- _TASK DESCRIPTION_
The reply should hold only the lines from the one with "Президент Садыр Жапаров" to the one with "Ready NOW! Enter", both ends kept, exactly as they appear below, without any pictures.

- _INPUT DATA_
━━━━━━━━━━

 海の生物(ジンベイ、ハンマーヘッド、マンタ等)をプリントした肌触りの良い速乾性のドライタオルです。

━━━━━━━━━━

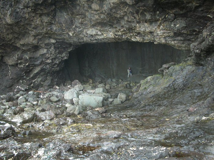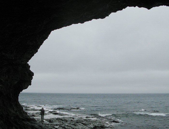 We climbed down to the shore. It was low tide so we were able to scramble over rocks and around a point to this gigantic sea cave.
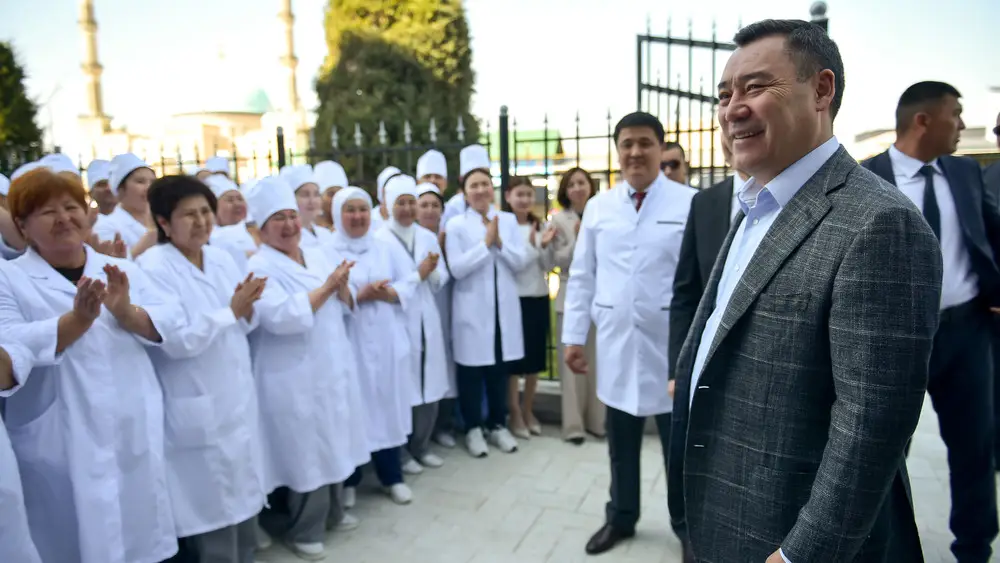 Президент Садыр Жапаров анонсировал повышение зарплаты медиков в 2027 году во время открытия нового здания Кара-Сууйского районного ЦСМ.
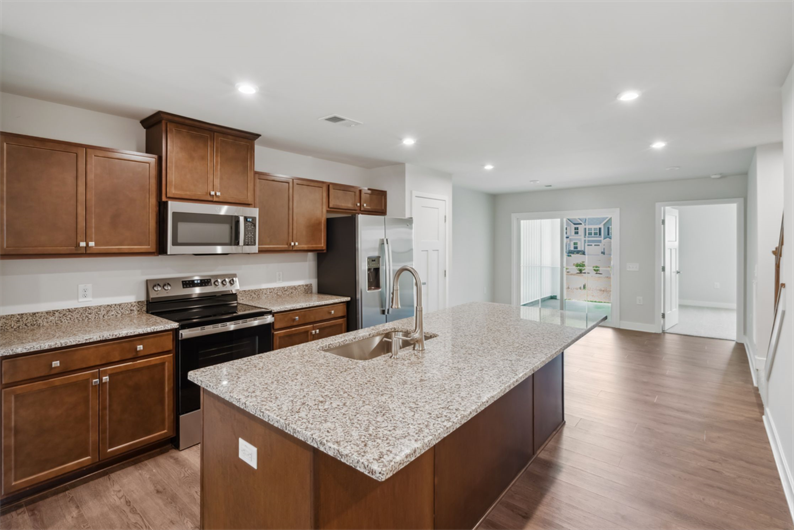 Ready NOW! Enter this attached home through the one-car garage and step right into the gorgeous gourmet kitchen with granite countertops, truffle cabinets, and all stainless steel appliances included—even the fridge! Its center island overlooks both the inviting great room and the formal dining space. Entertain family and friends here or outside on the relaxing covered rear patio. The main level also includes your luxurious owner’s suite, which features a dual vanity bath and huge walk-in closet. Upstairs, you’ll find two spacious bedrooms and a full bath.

━━━━━━━━━━

- _EXPECTED ANSWER_
 Президент Садыр Жапаров анонсировал повышение зарплаты медиков в 2027 году во время открытия нового здания Кара-Сууйского районного ЦСМ.
 Ready NOW! Enter this attached home through the one-car garage and step right into the gorgeous gourmet kitchen with granite countertops, truffle cabinets, and all stainless steel appliances included—even the fridge! Its center island overlooks both the inviting great room and the formal dining space. Entertain family and friends here or outside on the relaxing covered rear patio. The main level also includes your luxurious owner’s suite, which features a dual vanity bath and huge walk-in closet. Upstairs, you’ll find two spacious bedrooms and a full bath.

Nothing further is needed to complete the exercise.